The charter amendments are proposing to:

• Establish stricter term limits for council members by limiting the number of terms a person may serve as a council member to five two-year terms.

• Establish standards for interpreting and complying with the charter, including by requiring a viable judicial action to be filed within 30 days to seek clarity when a conflict in the interpretation of the charter is identified.

• Require the Department of Housing and Human Concerns be divided to form two separate departments, a Department of Housing and a Department of Human Concerns.

• Establish stricter term limits for the mayor by limiting the number of terms a person may serve as mayor to two full four-year terms.

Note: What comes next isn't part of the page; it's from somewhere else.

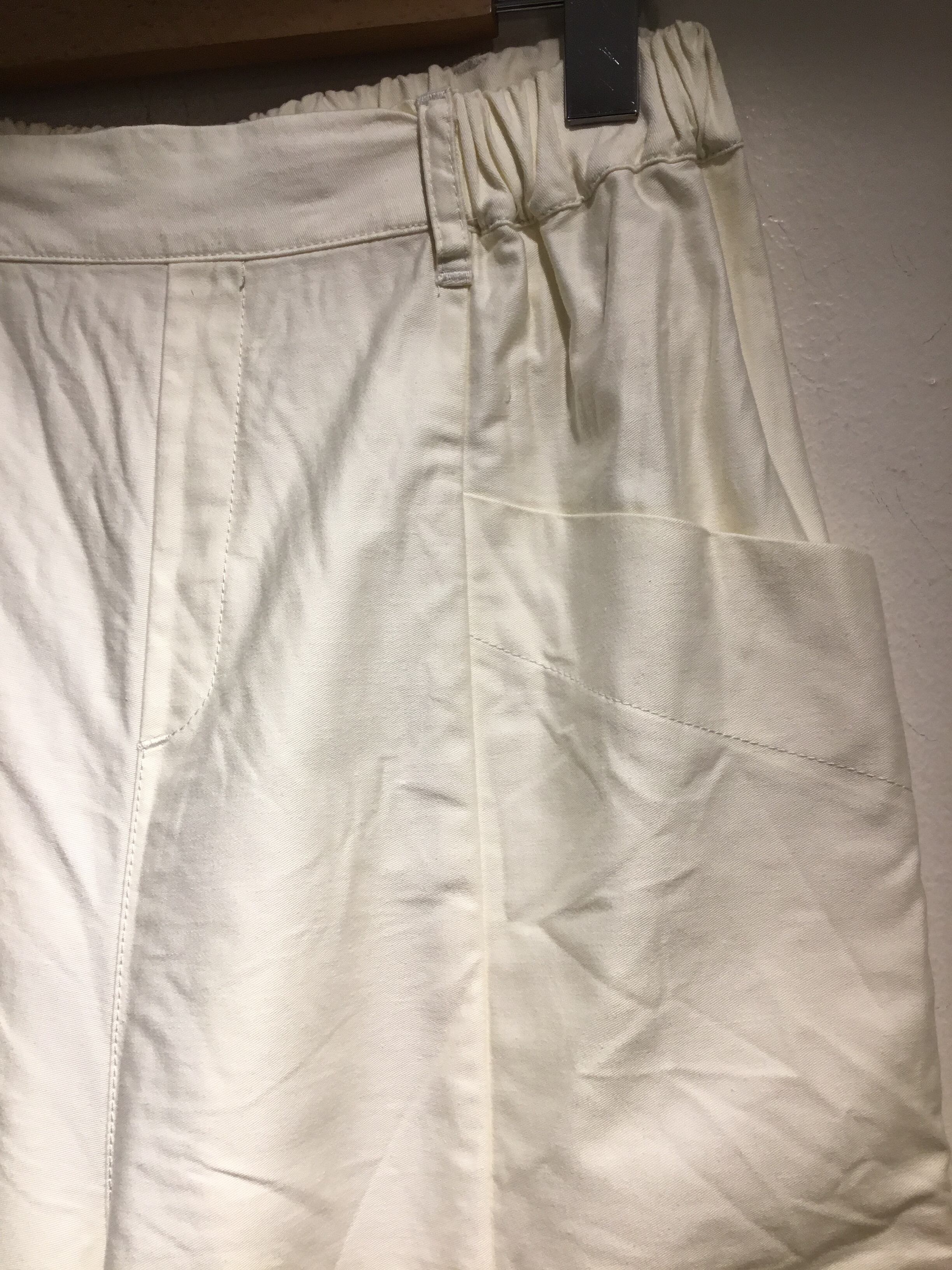 レイトリーから 滑らかな光沢が綺麗めな着こなしにもカジュアルにも 幅広く使えるウエストゴムのパンツが入荷しました。

• Establish a Department of Agriculture to develop a sustainable regional agricultural system for Maui County.

• Authorize the council to appoint nine members and the mayor to appoint two members of the 11-member Charter Commission.

The commission will convene by March 1, 2021, to review the charter and consider if additional amendments are warranted for the 2022 general election, according to the news release.

Some of this year’s proposed charter amendments are the result of a dispute between the administration and the council last year over the mayor’s power to reappoint council-rejected directors. Council members said at the time that the charter may need to be clarified.

If the proposal to limit terms for council members passed and was later approved by voters, it would not count previous terms against council members, which would allow Molina and council Chairwoman Alice Lee to continue serving if reelected. Molina, who is facing two challengers to his seat, already served five terms from 2001 to 2010 before being reelected in 2018. Lee, who is running unopposed, also served five terms from 1989 to 1998 before being reelected in 2018.

“It would be like as if you never had any prior service. The playing field would be level for everybody,” Molina said Tuesday, adding that excluding reelected council members from office if the amendment were approved would be like “changing the rules in the middle of the game.”

“Some said it’s a backdoor way of keeping certain individuals out of office,” Molina said. “To me, it should be the decision of the people and not decisions by people in office to keep certain folks out of office.”

Lee, meanwhile, also thought it would be unfair to retroactively apply the limits, and said the consensus among council members was to not affect people in the middle of their terms.

However, cleaning the slate for everybody could essentially open the door to some serving more than five consecutive terms, which is what the proposal is designed to avoid. In addition to Lee and Molina, other council members have served five consecutive terms, stepped down for a time and returned for five more terms, including outgoing Council Member Riki Hokama. Lee, however, sees that as more the exception than the rule.

“Ten years is a long time to be on the council, and really, like I said, I don’t see where there would be a lot of people who would be interested in running that way,” said Lee, who hadn’t initially planned a second shot at the council and said she is “really not interested in running another 10 years.”

“I’d be using a cane and a walker,” joked Lee, who is in her 70s.

The amendments that pass first reading Friday will be up for second and final reading on July 24. A supermajority of six council members in favor is required at each reading.

If the amendments pass on second reading, they will be placed on November’s general election ballot. Two amendments have already made it to the ballot, including one to extend the affordable housing fund and another to reorganize the executive branch to hire a professional managing director.

Molina’s committee also recommended rejection of several other proposals, including:

• Requiring the council to meet at least 21 times annually, rather than bimonthly.

• Increasing council terms to four years.

• Authorizing the council to retain and terminate special counsel by a simple-majority vote.

• Authorizing the council to appoint and remove a director of Council Services and a supervising legislative attorney and authorize the director of Council Services to appoint and remove other necessary staff in the Office of Council Services.